Nobody Goes There Anymore, It’s Too Crowded
OpenAI has growing pains
For the last week or so I’ve been struggling to get my demos to be reliable and quick. Stubbornly, they’ve remained unreliable and slow. The reason? OpenAI is overwhelmed.
It’s now reached the point that no matter how patient I tell Salesforce to be, it times out on moderately complicated processes. Simple (but useless) stuff is no problem, but any sort of serious task dies.
There’s a website that tracks the response time for OpenAI1; here’s a recent screenshot:
The line at the top, demonstrating the slowest performance, is GPT-4’s, which is generally needed for the more sophisticated problems. Worse, the chart probably represents a best case as the test request is fairly simple. The reality is I’m seeing 90+ seconds2 in response time for real-world problems.

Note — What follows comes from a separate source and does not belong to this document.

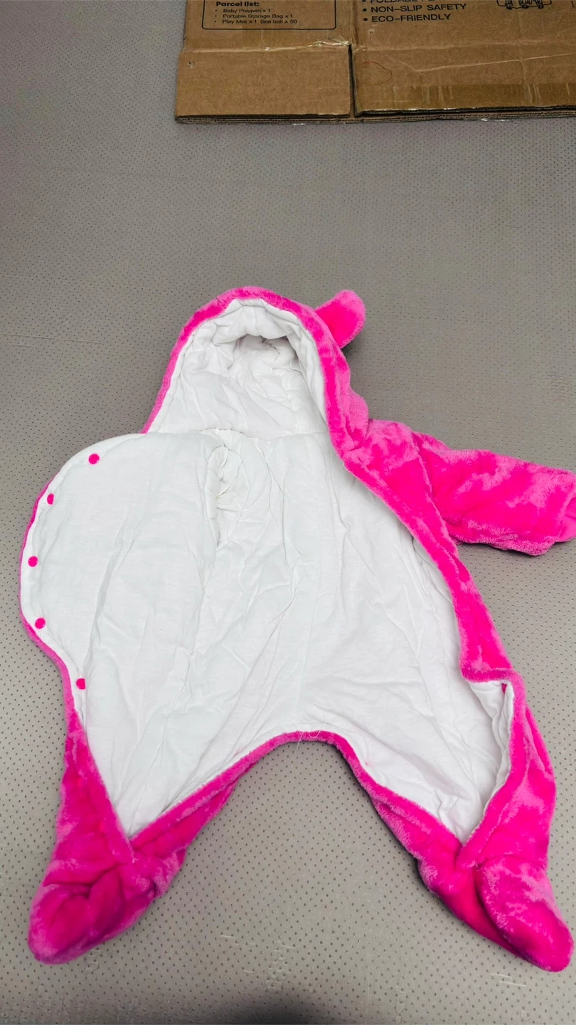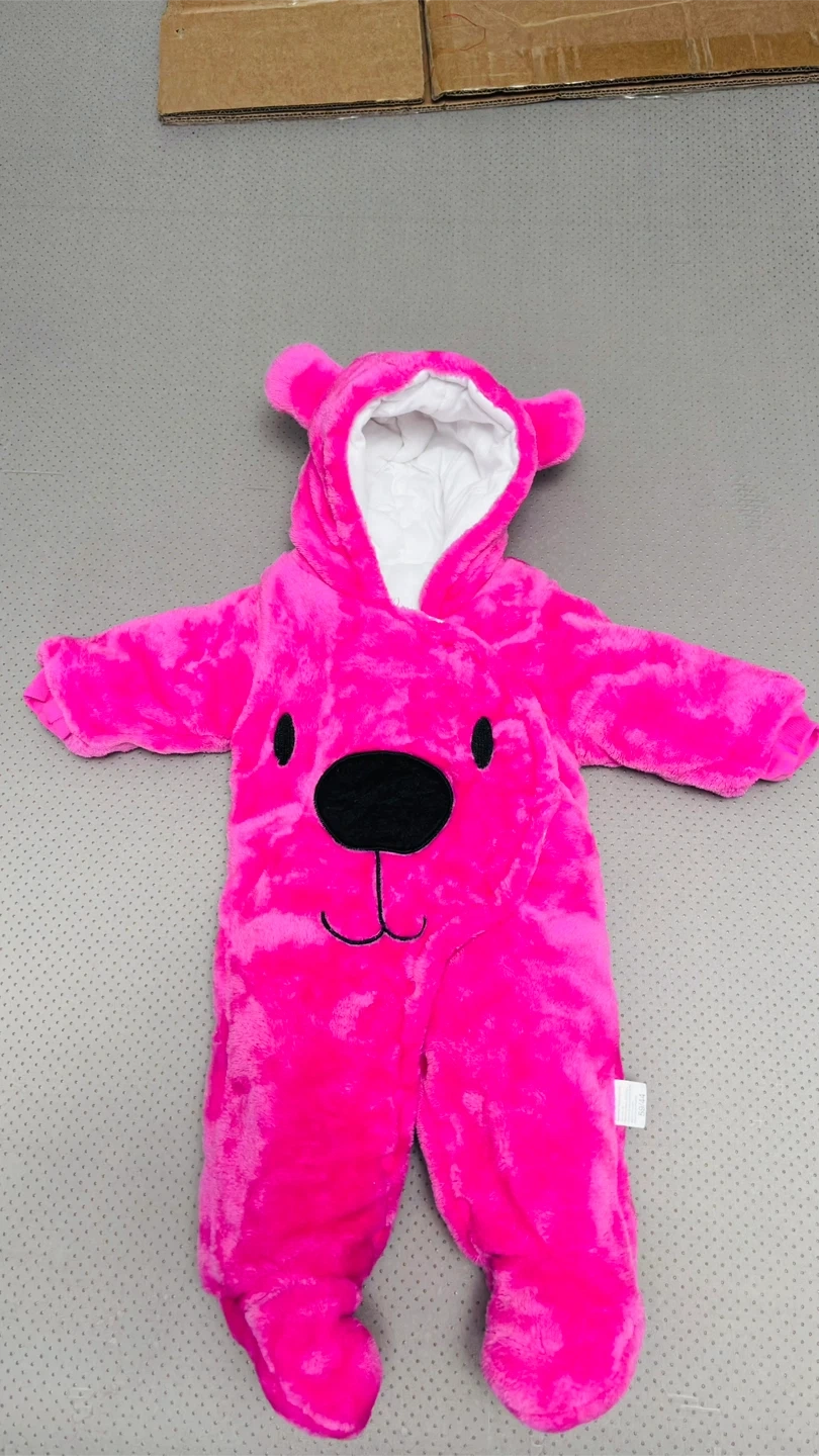 Check out this adorable pink bear snowsuit for your little one! It's super soft and cozy, perfect for keeping them warm during those chilly days. The hood even has cute little bear ears! It's in great condition and ready for a new home.

Given what I’ve read, I don’t expect OpenAI to fix the responsiveness problem very quickly. There’s two takeaways I have from this:
It’s going to be a lot more complicated to interface reliably to OpenAI than I might have expected at the beginning (… when OpenAI was a lot less burdened).
Can OpenAI actually scale up to meet the demand (especially given that GPU hardware for AI is in short supply)? Or is this something that’s going to plague them (and us) for a long time.
It’s frustrating, because there’s a lot of ideas (and even code) that just won’t work with the current state of things. Nevertheless, there are ways to get around the problem3, but I’d hate to think the salad days of LLMs are over already!
So when people talk about all the wondrous things AI is going to do and all the jobs I’ve eliminated, I feel like people are waxing poetic about a Mercedes 240D from the late 70s. Yes, it looks great and will drive a million miles4. But when 0 to 60 is given as “eventually”5, there’s only much use for it in modern day driving.
In theory, you can get 120 seconds of patience out of Salesforce, so this would still work. The reality is harsher than that because the default vf remoting time out is 30 seconds and there’s no way to change that for Integration Procedures, OmniScript, etc. So any OpenAI call that takes longer is dead in the water using the standard, simple techniques. Definitely a WTF moment when I realized that.
Async, chaining, etc. Much more complicated, alas.
And then another after an overhaul.
OK, ~20 seconds. Assuming you live that long after merging onto the freeway. Or as posters in this forum suggest “If you're interested in the 0-60 time of the 240D..........you shouldn't be purchasing it.”




Hey, Charles! Thank you so much for these posts. Love 'em! I've given your "insurance recommender" a try, and have modified it to be a "cpq rules recommender". But I find most of my requests are failing with a "Read timed out" error message. At different times in the day, they will work. But they mostly fail with that message...making it hard to demo. I tried setting the timeout on the callGPT element in the IP to 20000, but no dice. I am doing this in a CME org, but also tried an OmniStudio core org, same thing. Any suggestions?